WORK REQUEST:
Each entry has to be given again in its exact wording, and no picture may appear in the result.

ENTRIES PROVIDED:
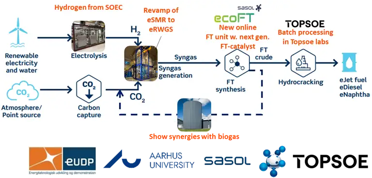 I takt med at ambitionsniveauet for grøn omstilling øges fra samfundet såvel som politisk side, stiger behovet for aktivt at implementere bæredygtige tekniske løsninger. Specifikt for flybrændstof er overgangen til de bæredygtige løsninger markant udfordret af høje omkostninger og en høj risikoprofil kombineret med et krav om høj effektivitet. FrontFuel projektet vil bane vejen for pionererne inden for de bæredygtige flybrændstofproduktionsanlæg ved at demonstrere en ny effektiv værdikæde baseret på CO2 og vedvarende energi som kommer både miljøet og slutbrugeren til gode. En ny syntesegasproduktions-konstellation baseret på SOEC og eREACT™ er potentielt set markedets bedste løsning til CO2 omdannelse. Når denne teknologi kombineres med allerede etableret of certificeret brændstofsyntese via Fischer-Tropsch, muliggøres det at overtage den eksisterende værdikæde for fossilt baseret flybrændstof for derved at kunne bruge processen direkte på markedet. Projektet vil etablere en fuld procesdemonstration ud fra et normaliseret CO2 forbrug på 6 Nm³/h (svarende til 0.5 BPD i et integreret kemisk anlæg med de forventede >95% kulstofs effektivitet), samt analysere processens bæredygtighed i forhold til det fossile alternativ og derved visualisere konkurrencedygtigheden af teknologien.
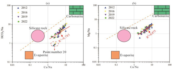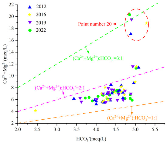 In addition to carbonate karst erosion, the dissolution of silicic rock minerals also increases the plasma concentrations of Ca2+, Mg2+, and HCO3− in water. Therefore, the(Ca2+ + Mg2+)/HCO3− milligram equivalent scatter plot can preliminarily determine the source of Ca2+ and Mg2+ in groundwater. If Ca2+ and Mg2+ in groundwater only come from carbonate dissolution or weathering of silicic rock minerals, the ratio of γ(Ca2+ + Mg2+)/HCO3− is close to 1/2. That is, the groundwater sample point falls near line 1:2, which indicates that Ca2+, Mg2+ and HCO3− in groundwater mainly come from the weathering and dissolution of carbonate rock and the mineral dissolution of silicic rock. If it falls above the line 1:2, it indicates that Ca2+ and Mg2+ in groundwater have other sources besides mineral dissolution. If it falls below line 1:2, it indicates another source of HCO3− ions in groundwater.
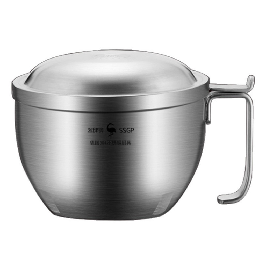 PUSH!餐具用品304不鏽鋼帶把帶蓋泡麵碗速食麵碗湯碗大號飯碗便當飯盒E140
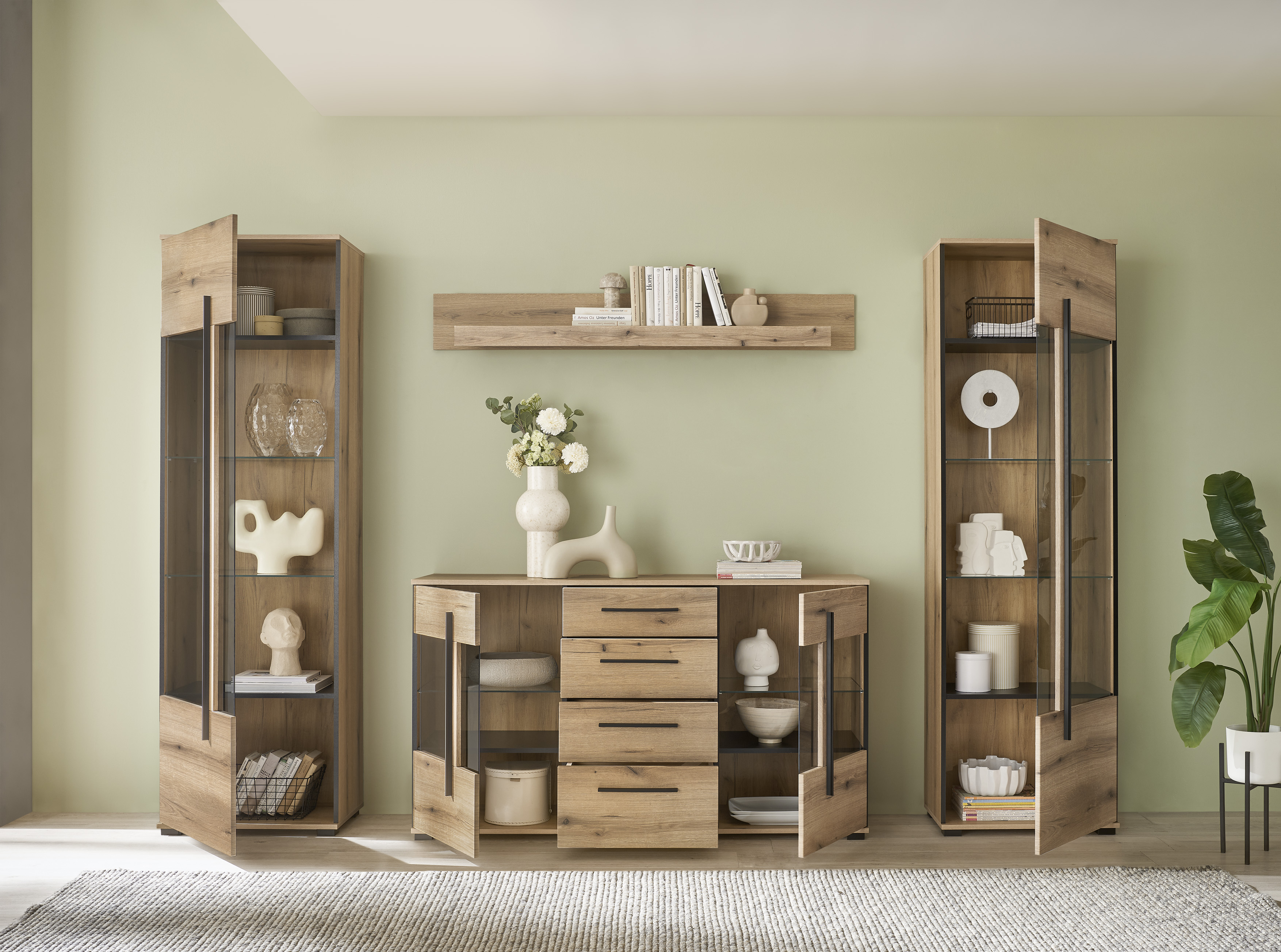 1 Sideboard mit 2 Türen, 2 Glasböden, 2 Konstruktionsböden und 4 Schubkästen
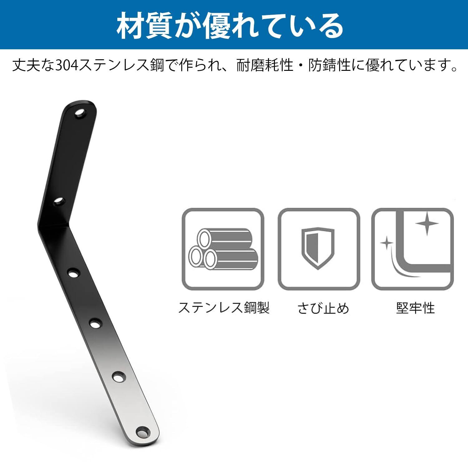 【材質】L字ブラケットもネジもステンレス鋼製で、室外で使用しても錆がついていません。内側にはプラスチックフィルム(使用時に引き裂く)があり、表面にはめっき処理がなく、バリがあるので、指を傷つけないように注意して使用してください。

ANSWER TO THIS EXERCISE:
 I takt med at ambitionsniveauet for grøn omstilling øges fra samfundet såvel som politisk side, stiger behovet for aktivt at implementere bæredygtige tekniske løsninger. Specifikt for flybrændstof er overgangen til de bæredygtige løsninger markant udfordret af høje omkostninger og en høj risikoprofil kombineret med et krav om høj effektivitet. FrontFuel projektet vil bane vejen for pionererne inden for de bæredygtige flybrændstofproduktionsanlæg ved at demonstrere en ny effektiv værdikæde baseret på CO2 og vedvarende energi som kommer både miljøet og slutbrugeren til gode. En ny syntesegasproduktions-konstellation baseret på SOEC og eREACT™ er potentielt set markedets bedste løsning til CO2 omdannelse. Når denne teknologi kombineres med allerede etableret of certificeret brændstofsyntese via Fischer-Tropsch, muliggøres det at overtage den eksisterende værdikæde for fossilt baseret flybrændstof for derved at kunne bruge processen direkte på markedet. Projektet vil etablere en fuld procesdemonstration ud fra et normaliseret CO2 forbrug på 6 Nm³/h (svarende til 0.5 BPD i et integreret kemisk anlæg med de forventede >95% kulstofs effektivitet), samt analysere processens bæredygtighed i forhold til det fossile alternativ og derved visualisere konkurrencedygtigheden af teknologien.
 In addition to carbonate karst erosion, the dissolution of silicic rock minerals also increases the plasma concentrations of Ca2+, Mg2+, and HCO3− in water. Therefore, the(Ca2+ + Mg2+)/HCO3− milligram equivalent scatter plot can preliminarily determine the source of Ca2+ and Mg2+ in groundwater. If Ca2+ and Mg2+ in groundwater only come from carbonate dissolution or weathering of silicic rock minerals, the ratio of γ(Ca2+ + Mg2+)/HCO3− is close to 1/2. That is, the groundwater sample point falls near line 1:2, which indicates that Ca2+, Mg2+ and HCO3− in groundwater mainly come from the weathering and dissolution of carbonate rock and the mineral dissolution of silicic rock. If it falls above the line 1:2, it indicates that Ca2+ and Mg2+ in groundwater have other sources besides mineral dissolution. If it falls below line 1:2, it indicates another source of HCO3− ions in groundwater.
 PUSH!餐具用品304不鏽鋼帶把帶蓋泡麵碗速食麵碗湯碗大號飯碗便當飯盒E140
 1 Sideboard mit 2 Türen, 2 Glasböden, 2 Konstruktionsböden und 4 Schubkästen
 【材質】L字ブラケットもネジもステンレス鋼製で、室外で使用しても錆がついていません。内側にはプラスチックフィルム(使用時に引き裂く)があり、表面にはめっき処理がなく、バリがあるので、指を傷つけないように注意して使用してください。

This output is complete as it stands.